El legendario juego de cartas coleccionables Magic: The Gathering estrena el 2026 retornando a uno de sus mundos más recordados, Lorwyn, con la colección Lorwyn Eclipsado, una reinterpretación sombría de aquel mundo marcado por la fantasía y la luz. Wizards of the Coast apuesta esta vez por un enfoque más maduro, donde la armonía que caracterizaba a Lorwyn ha sido sustituida por un equilibrio frágil entre sombras, conflicto y transformación.
La colección presenta un Lorwyn profundamente alterado por un eclipse permanente que ha cambiado tanto el entorno como a sus habitantes. Razas icónicas como los kithkin, elfos y hadas regresan, pero con nuevas motivaciones y una estética más oscura, reflejando la pérdida de la inocencia que definía al plano original. Este giro narrativo se apoya en ilustraciones más contrastadas y en un diseño artístico que enfatiza la tensión entre luz y oscuridad.

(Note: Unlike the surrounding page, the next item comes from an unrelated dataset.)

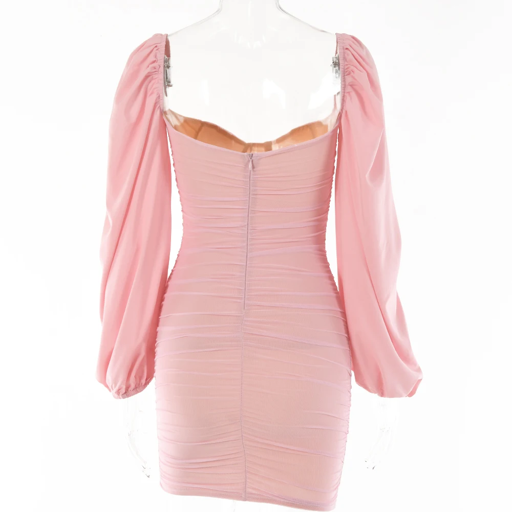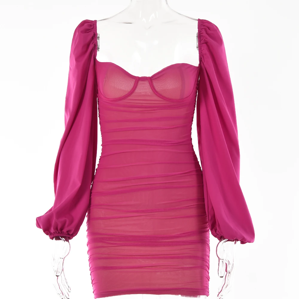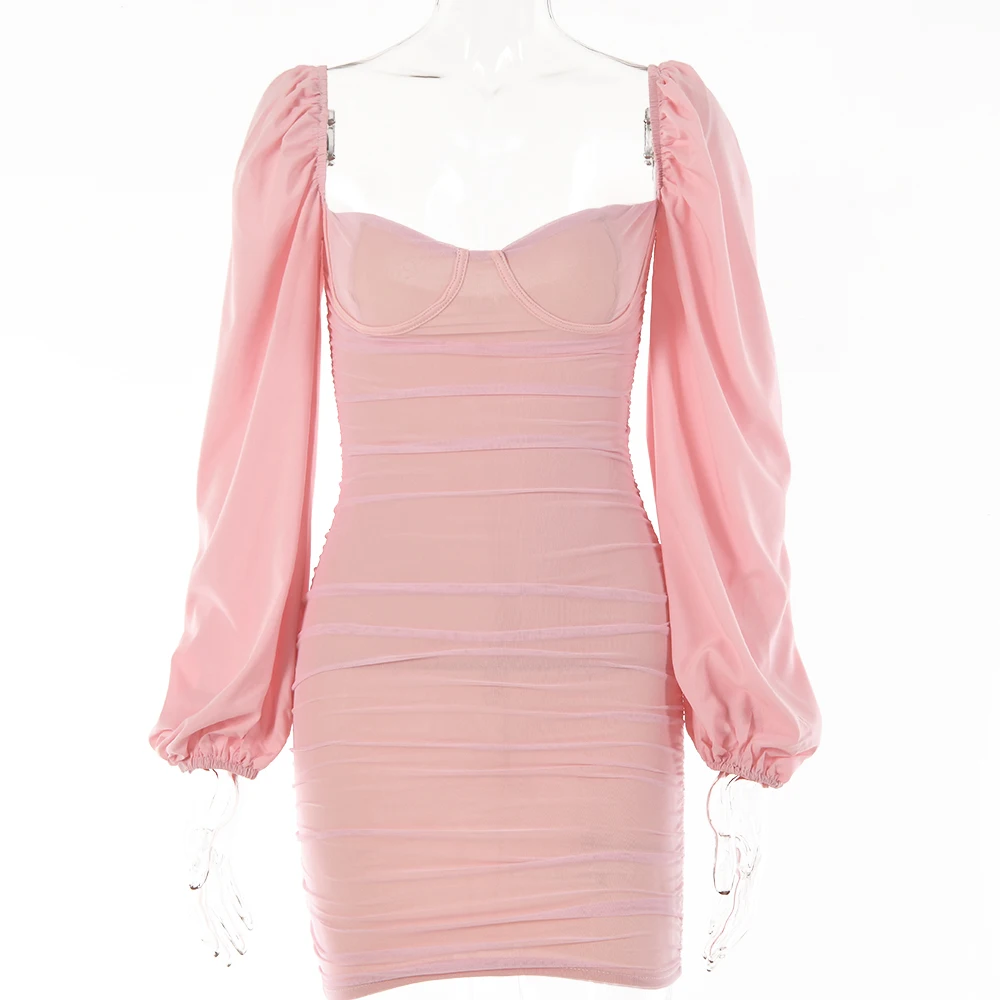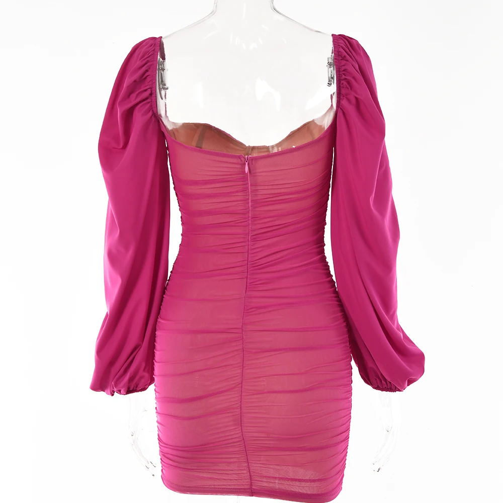 Fantoye 2022 весеннее Двухслойное Сетчатое мини-платье для женщин с рукавами-фонариками и рюшами, Клубное платье в обтяжку, сексуальное черное платье с открытой спиной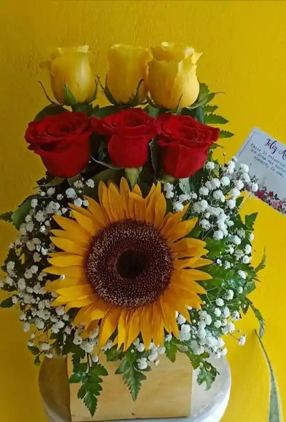Como los primeros rayos del sol que despiertan la esperanza y pintan el alma de alegría, “Amanecer de Amor” combina la calidez de un imponente girasol, la dulzura de rosas amarillas y la pasión de rosas rojas, en una armonía que vibra con sentimientos profundos y verdaderos. Rodeado de nube blanca y follaje verde, y presentado en una elegante base de madera, este arreglo es ideal para decir “te amo”, “te admiro” o simplemente “gracias por existir”. 📌 Si deseas incluir tarjeta, no olvides solicitarla al momento de tu pedido. Sugerencia de mensaje: "Tú eres mi sol, mi calma y mi razón para sonreír cada día." 🌻 Diseñado con amor por Floristería Ospina, donde cada flor nace con intención y florece para emocionar.

Un buen conjunto de mecánicas
Desde el punto de vista jugable, Lorwyn Eclipsado recupera mecánicas tribales clásicas, pero las actualiza para adaptarlas al ritmo actual del juego. Las sinergias entre tipos de criatura vuelven a ser protagonistas, acompañadas de nuevas habilidades que premian la interacción constante y las decisiones estratégicas a largo plazo. Vívido, por ejemplo, representa la energía residual del plano antes del eclipse: permanentes con esta mecánica entran al campo con contadores que pueden gastarse para potenciar hechizos o activar efectos adicionales. Por otro lado, Perjudicar introduce una dimensión más agresiva y arriesgada. Esta mecánica permite debilitar permanentes propias o del oponente a cambio de beneficios inmediatos, como robar cartas, infligir daño o fortalecer criaturas.
Cambiaformas, en tercer lugar, regresa como una mecánica clave, permitiendo que ciertas criaturas adopten todos los tipos de criatura a la vez. Esto las convierte en piezas fundamentales dentro de los mazos tribales, ya que funcionan como comodines capaces de activar múltiples sinergias y adaptarse a distintas estrategias según la situación. Finalmente, Estirpes profundiza en la identidad tribal del set, otorgando habilidades adicionales a las criaturas cuando se controla un número determinado de miembros de la misma raza.
33 años de un juego de cartas de leyenda
En 1993, Richard Garfield, un matemático originario de Filadelfia, transformó para siempre el mundo de los juegos de cartas al crear Magic: The Gathering, un juego con influencias del ajedrez. En aquel entonces, Garfield no imaginaba que estaba dando vida al primer TCG de la historia, un formato innovador en el que las cartas no solo se coleccionan, sino que también se emplean de manera estratégica, permitiendo a cada jugador construir su propio mazo.
En agosto de ese mismo año, Garfield consiguió que la entonces pequeña compañía Wizards of the Coast publicara la primera edición del juego, conocida como Edición Alpha, la cual superó todas las expectativas de ventas. Muchas de sus cartas presentaban fallos de impresión, lo que con el tiempo las ha convertido en objetos de gran valor y muy buscados por los coleccionistas. Apenas dos meses más tarde, y debido al enorme éxito en Estados Unidos, Wizards lanzó la Edición Beta, compuesta por ocho millones de cartas. Lejos de detenerse, el fenómeno siguió expandiéndose rápidamente, dando inicio a algo verdaderamente extraordinario con Magic: The Gathering.